Unlike other diseases involving RNFL loss such as glaucoma that produce corresponding visual field defects, the thinning of RNFL in AD does not produce consistent, local visual function loss, possibly because the RNFL changes are scattered rather than sectoral. There is some evidence that the visual changes that do occur with AD may be a function of primary degenerative processes in the retinal neurons, specifically in the superior and inferior quadrants.7,8 Other studies suggest that visual field defects may occur due to changes in the visual cortex primarily in some patients.13 Furthermore, RNFL thinning was not found to correlate with changes in cortical visual evoked response, and the relative sparing of the primary visual cortex in AD may explain the absence of some visual function loss despite the early RNFL loss.14 Different types of RGCs have varying susceptibility to the amyloid pathology associated with AD, suggesting that a particular subpopulation of RGCs may be most affected in AD.15 The larger magnocellular cells (M-cells) which contribute large caliber fibers to the optic nerve have been shown to be selectively affected in AD, and loss of these cells may lead to characteristic visual deficits.16 In an AD mouse model, the inner retina was affected early before the onset of cognitive deficits,17 thus the discrepancy in visual function and cognitive function may depend on what pathology occurred first and how the retinal and cortical pathologies are affecting each other.

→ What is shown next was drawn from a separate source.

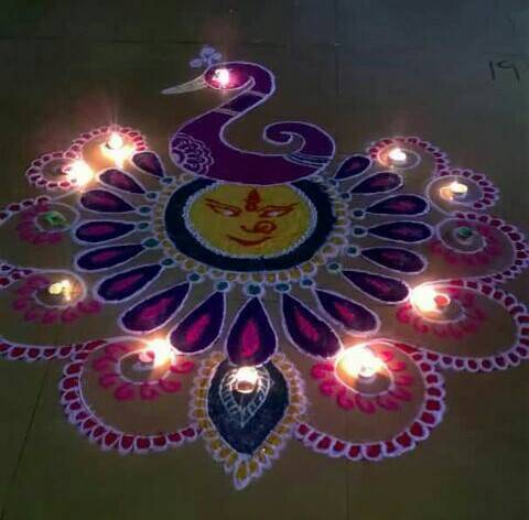 Diwali special peacock rangoli design by deepika pant.

Additionally, visual field results in advanced AD may be confounded by other cognitive factors, rendering visual field testing a less reliable psychophysical assessment in this population.18

Given rapid advances in OCT technology, many studies have explored various retinal layers and choroid as potential biomarkers in addition to RNFL thinning. A meta-analysis of studies of retinal AD biomarkers using spectral domain OCT found that thinning of the ganglion cell-inner plexiform layer (GC-IPL) and ganglion cell complex (GCC) and decreased macular volume and thickness were associated with AD, in addition to the reduction in both macular and peripapillary RNFL thickness and choroidal thickness.7 Because the macula contains a high proportion of the large RGC bodies and cell bodies are much greater in size than their axons present in RNFL, GC-IPL thinning at the macula may be more sensitive for early changes associated with AD and may also show less individual variation.19,20 Using enhanced depth imaging capabilities in the OCT, several studies have shown thinning of the choroid in AD patients compared to healthy controls.21,22 However, the reliability of the segmentation, diurnal variation of the choroid, and other diseases that are associated with choroidal thinning such as aging, myopia, and glaucoma contribute to the challenges in evaluating the choroid as a biomarker.4,23,24 Interestingly, a recent postmortem histopathologic study showed thinning in the superonasal choroid but unexpected thickening in the superotemporal choroid that corresponded to increased vascularity in severe AD.25 The thickening was prominent in the macular region, and the authors discussed the different distribution of retinal Aβ deposit density, a compensatory vascular-inflammatory response specific to severe AD stage, and the limitations of in vivo OCT studies involving the choroid as potential hypotheses to explain this unexpected discrepancy.25 Further ex vivo studies like this will be critical in understanding the validity and potential mechanisms of various in vivo biomarkers.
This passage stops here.